§ Exercise details: Set down, word for word, the line with "4 958 ₽/мес." and the lines after it through the final line of the data below, without pictures.

§ Provided data:

::::::::::

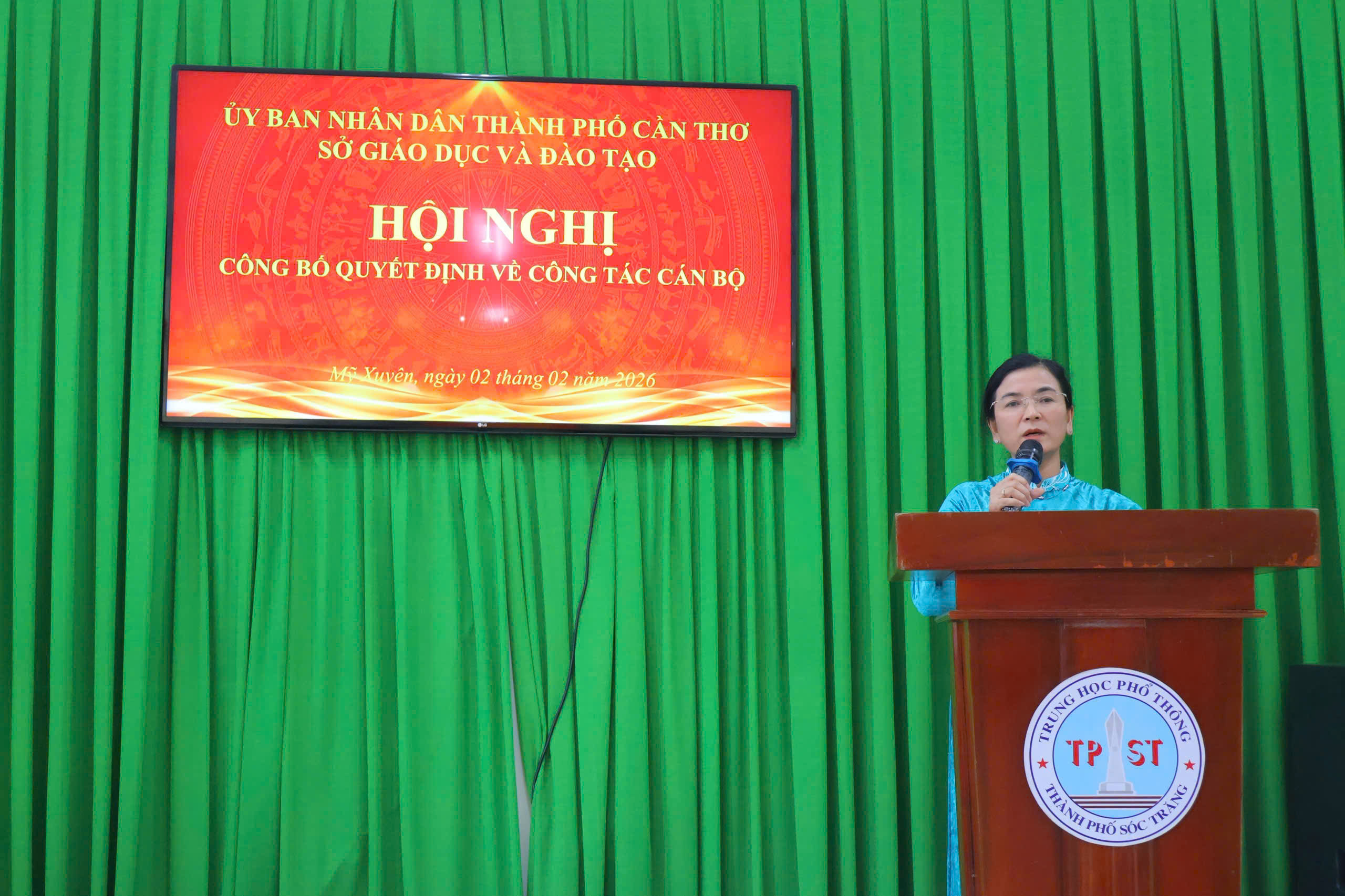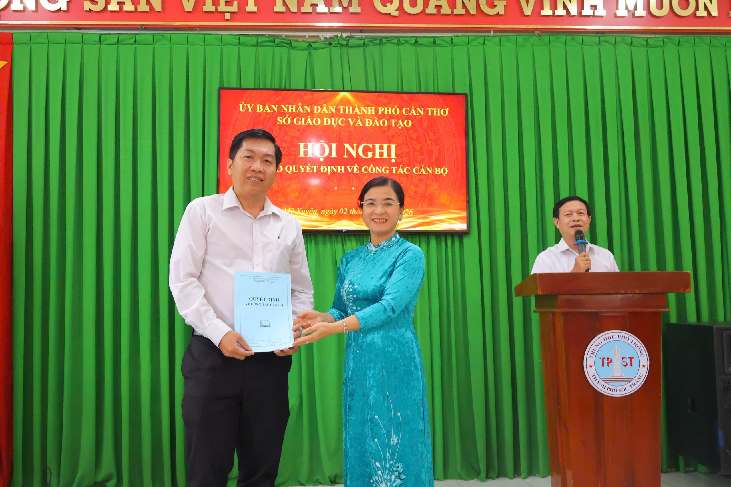 Chiều ngày 02/02/2026, tại trường THPT thành phố Sóc Trăng long trọng tổ chức Hội nghị triển khai Quyết định của Giám đốc Sở Giáo dục và Đào tạo thành phố Cần Thơ về công tác cán bộ, nhằm kiện toàn tổ chức bộ máy quản lý nhà trường theo đúng quy trình, quy định hiện hành.
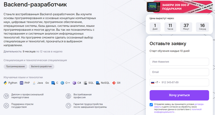 1.«Backend на Python» [SF Education] — курс за 3 месяца. Учат создавать API на Django, работать с базами данных SQL, DevOps и Docker. Практика на реальных кейсах, международный диплом ЕС. Курс backend с трудоустройством через карьерный центр. Скидка 65%, рассрочка от 4 958 ₽/мес.
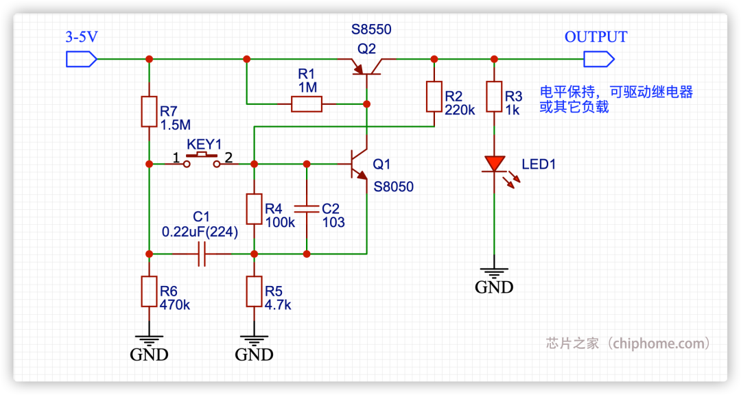 如果现在给大家出一个题目,要求用最低成本,稳定可靠的实现一个按键开关电路,也就是按一下按键,IO口输出1,再按一下,IO口输出0,并且电平要保持状态。
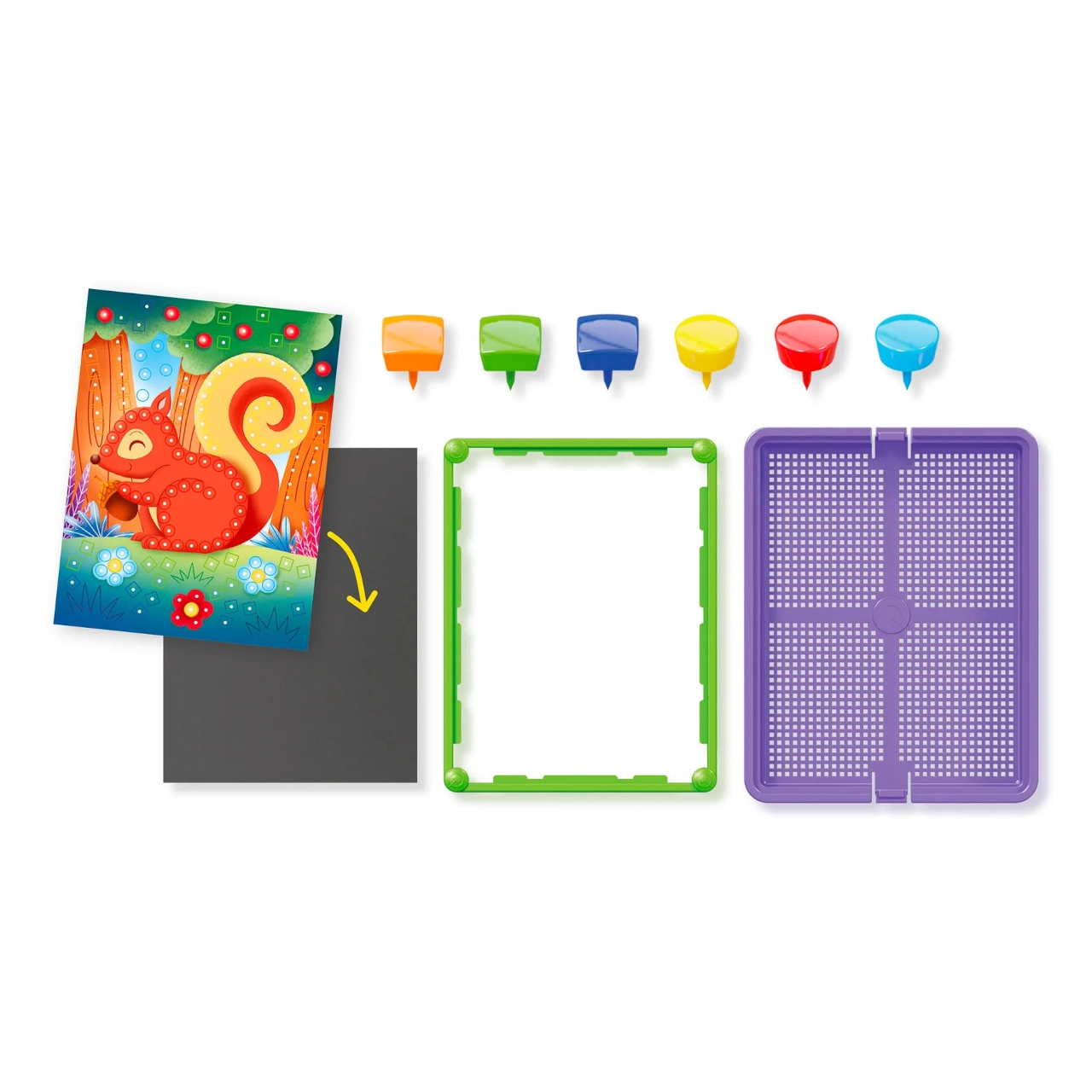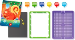 Komplet vsebuje vse potrebno: od ilustracij z gozdno tematiko (lisica, veverica, sova idr.) do bogatega nabora žebljičkov ter praktičnega koša, v katerega po igri vse preprosto pospravite. Odlično za igro doma in predšolske dejavnosti.

::::::::::

§ Answer space:
 1.«Backend на Python» [SF Education] — курс за 3 месяца. Учат создавать API на Django, работать с базами данных SQL, DevOps и Docker. Практика на реальных кейсах, международный диплом ЕС. Курс backend с трудоустройством через карьерный центр. Скидка 65%, рассрочка от 4 958 ₽/мес.
 如果现在给大家出一个题目,要求用最低成本,稳定可靠的实现一个按键开关电路,也就是按一下按键,IO口输出1,再按一下,IO口输出0,并且电平要保持状态。
 Komplet vsebuje vse potrebno: od ilustracij z gozdno tematiko (lisica, veverica, sova idr.) do bogatega nabora žebljičkov ter praktičnega koša, v katerega po igri vse preprosto pospravite. Odlično za igro doma in predšolske dejavnosti.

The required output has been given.